> WHAT THE TASK REQUIRES
The material below holds pictures, which are to be left out; copy exactly the lines from the one with "원문 해석부터 이체자 판독까지 다양한 분야의 전문 자문을 받을 수 있어요." through the one with "Check out these".

> MATERIAL FOR THE TASK
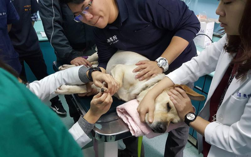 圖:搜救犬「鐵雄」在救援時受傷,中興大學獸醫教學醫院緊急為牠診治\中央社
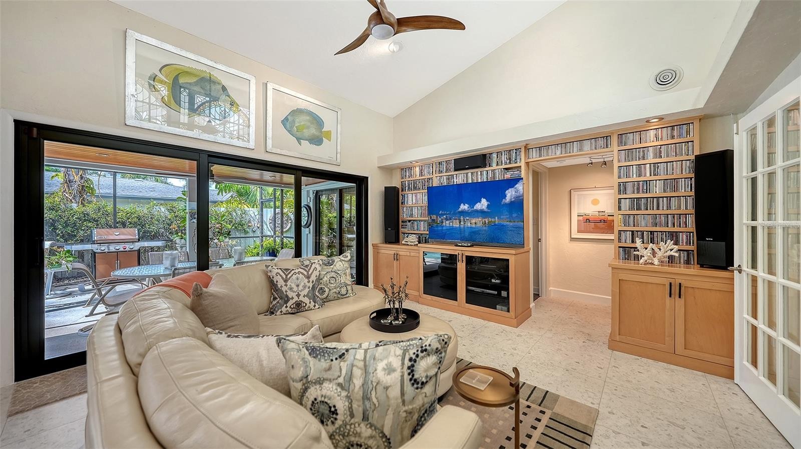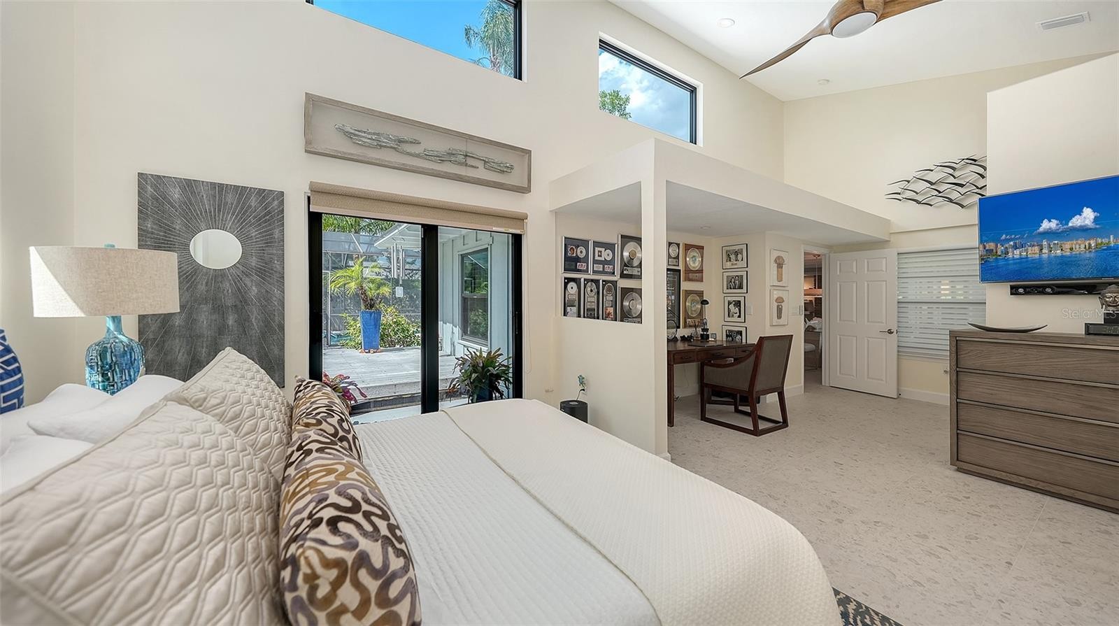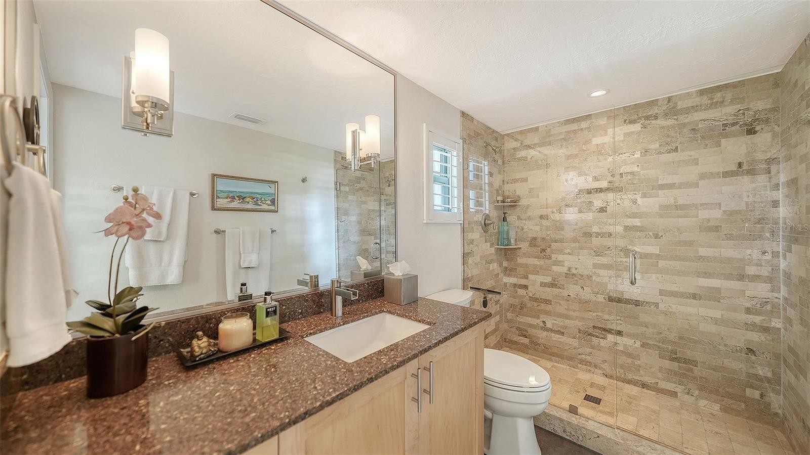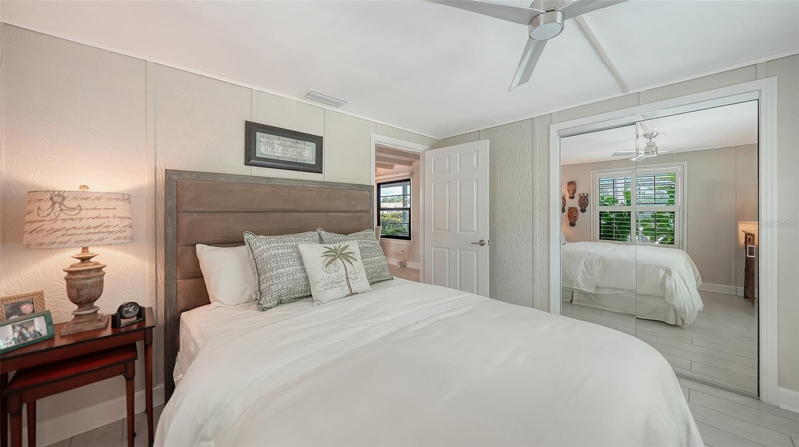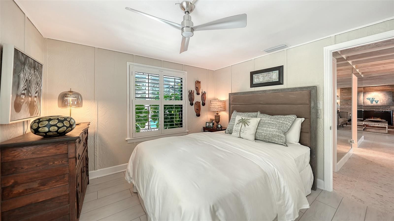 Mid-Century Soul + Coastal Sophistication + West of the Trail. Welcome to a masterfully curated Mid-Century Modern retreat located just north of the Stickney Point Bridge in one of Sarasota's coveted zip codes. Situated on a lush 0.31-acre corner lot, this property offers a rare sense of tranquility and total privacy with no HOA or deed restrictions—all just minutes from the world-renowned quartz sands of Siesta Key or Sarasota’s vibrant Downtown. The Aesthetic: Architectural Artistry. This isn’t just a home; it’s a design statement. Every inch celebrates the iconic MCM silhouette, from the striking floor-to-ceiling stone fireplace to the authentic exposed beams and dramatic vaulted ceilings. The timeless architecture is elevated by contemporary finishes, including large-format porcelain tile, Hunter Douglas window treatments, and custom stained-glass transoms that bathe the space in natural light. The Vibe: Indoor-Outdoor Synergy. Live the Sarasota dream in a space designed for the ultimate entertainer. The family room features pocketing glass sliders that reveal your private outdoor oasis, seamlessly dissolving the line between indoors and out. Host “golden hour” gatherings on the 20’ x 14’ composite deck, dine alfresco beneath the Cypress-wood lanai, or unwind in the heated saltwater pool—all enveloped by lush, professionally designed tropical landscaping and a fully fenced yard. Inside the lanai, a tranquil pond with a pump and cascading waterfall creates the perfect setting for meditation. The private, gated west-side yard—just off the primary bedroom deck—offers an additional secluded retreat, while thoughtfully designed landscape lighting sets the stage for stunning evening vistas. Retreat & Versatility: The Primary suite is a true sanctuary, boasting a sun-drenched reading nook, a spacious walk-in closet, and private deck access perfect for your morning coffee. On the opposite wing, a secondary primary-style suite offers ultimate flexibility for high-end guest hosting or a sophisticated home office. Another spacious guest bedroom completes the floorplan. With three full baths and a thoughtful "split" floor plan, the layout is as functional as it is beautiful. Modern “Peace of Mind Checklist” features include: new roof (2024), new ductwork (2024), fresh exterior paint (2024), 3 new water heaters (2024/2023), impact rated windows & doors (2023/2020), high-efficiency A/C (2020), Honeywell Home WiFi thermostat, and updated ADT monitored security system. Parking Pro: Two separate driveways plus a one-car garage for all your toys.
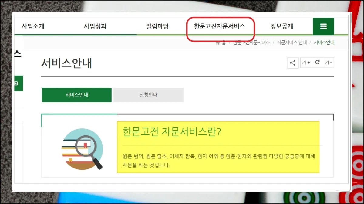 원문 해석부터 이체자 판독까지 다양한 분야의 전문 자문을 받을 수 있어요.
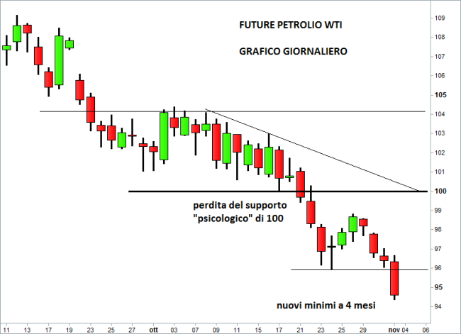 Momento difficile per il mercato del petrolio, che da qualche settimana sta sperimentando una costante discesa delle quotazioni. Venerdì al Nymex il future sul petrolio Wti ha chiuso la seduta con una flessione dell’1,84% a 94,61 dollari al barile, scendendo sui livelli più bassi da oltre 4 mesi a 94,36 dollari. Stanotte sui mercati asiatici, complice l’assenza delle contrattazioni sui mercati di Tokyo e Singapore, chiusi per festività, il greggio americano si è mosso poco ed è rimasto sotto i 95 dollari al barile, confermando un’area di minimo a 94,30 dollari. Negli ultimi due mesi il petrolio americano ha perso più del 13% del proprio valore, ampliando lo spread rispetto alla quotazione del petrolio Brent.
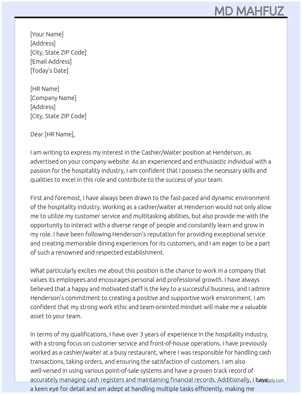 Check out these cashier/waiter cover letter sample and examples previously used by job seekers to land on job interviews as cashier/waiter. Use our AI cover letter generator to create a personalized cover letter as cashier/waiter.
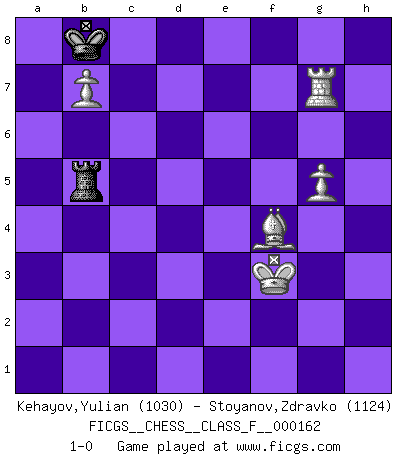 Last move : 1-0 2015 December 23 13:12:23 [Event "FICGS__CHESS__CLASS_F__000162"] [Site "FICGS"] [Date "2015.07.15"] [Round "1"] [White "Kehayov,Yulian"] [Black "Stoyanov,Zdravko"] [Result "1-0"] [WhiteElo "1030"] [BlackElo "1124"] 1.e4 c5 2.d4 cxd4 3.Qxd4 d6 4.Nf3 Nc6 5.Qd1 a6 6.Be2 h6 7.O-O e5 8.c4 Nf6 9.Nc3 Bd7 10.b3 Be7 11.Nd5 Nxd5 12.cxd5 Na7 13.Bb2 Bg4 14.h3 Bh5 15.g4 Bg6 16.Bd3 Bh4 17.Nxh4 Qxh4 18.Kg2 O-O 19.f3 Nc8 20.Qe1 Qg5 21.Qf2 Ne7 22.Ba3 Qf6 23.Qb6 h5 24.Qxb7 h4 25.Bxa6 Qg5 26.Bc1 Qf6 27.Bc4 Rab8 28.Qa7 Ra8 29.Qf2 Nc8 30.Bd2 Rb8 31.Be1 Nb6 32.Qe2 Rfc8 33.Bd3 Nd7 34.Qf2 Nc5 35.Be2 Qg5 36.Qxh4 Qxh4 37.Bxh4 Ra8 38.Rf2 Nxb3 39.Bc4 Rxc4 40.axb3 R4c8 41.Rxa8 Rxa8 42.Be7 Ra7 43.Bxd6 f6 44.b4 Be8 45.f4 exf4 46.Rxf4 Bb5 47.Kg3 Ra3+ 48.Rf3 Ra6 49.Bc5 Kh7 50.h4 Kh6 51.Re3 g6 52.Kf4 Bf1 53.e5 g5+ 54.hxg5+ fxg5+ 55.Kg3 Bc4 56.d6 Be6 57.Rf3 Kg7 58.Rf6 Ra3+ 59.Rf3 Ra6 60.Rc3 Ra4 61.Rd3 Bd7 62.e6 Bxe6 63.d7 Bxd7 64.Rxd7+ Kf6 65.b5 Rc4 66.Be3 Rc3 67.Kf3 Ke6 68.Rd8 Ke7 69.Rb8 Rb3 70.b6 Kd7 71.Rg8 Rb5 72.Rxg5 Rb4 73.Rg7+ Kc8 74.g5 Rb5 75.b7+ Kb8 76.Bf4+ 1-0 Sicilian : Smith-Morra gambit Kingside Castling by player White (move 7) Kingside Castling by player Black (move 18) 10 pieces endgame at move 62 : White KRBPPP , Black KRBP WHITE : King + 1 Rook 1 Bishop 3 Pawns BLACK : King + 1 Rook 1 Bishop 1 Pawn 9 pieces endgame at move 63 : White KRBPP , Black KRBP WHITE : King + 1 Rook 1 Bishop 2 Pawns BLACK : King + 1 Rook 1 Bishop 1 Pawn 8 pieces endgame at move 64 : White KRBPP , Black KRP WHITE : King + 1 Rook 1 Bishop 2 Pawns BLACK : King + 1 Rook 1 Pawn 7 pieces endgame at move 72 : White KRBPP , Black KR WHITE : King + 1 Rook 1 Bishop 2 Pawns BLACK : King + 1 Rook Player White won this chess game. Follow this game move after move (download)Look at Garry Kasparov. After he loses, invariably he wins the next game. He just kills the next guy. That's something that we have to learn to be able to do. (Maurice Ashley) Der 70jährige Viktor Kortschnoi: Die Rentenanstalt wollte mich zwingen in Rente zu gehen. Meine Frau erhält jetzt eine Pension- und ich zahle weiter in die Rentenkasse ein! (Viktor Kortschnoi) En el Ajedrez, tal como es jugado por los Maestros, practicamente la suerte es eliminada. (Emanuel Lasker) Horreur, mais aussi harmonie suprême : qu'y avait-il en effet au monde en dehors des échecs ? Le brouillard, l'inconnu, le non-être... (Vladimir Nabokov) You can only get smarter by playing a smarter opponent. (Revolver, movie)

> FINAL ANSWER
 원문 해석부터 이체자 판독까지 다양한 분야의 전문 자문을 받을 수 있어요.
 Momento difficile per il mercato del petrolio, che da qualche settimana sta sperimentando una costante discesa delle quotazioni. Venerdì al Nymex il future sul petrolio Wti ha chiuso la seduta con una flessione dell’1,84% a 94,61 dollari al barile, scendendo sui livelli più bassi da oltre 4 mesi a 94,36 dollari. Stanotte sui mercati asiatici, complice l’assenza delle contrattazioni sui mercati di Tokyo e Singapore, chiusi per festività, il greggio americano si è mosso poco ed è rimasto sotto i 95 dollari al barile, confermando un’area di minimo a 94,30 dollari. Negli ultimi due mesi il petrolio americano ha perso più del 13% del proprio valore, ampliando lo spread rispetto alla quotazione del petrolio Brent.
 Check out these cashier/waiter cover letter sample and examples previously used by job seekers to land on job interviews as cashier/waiter. Use our AI cover letter generator to create a personalized cover letter as cashier/waiter.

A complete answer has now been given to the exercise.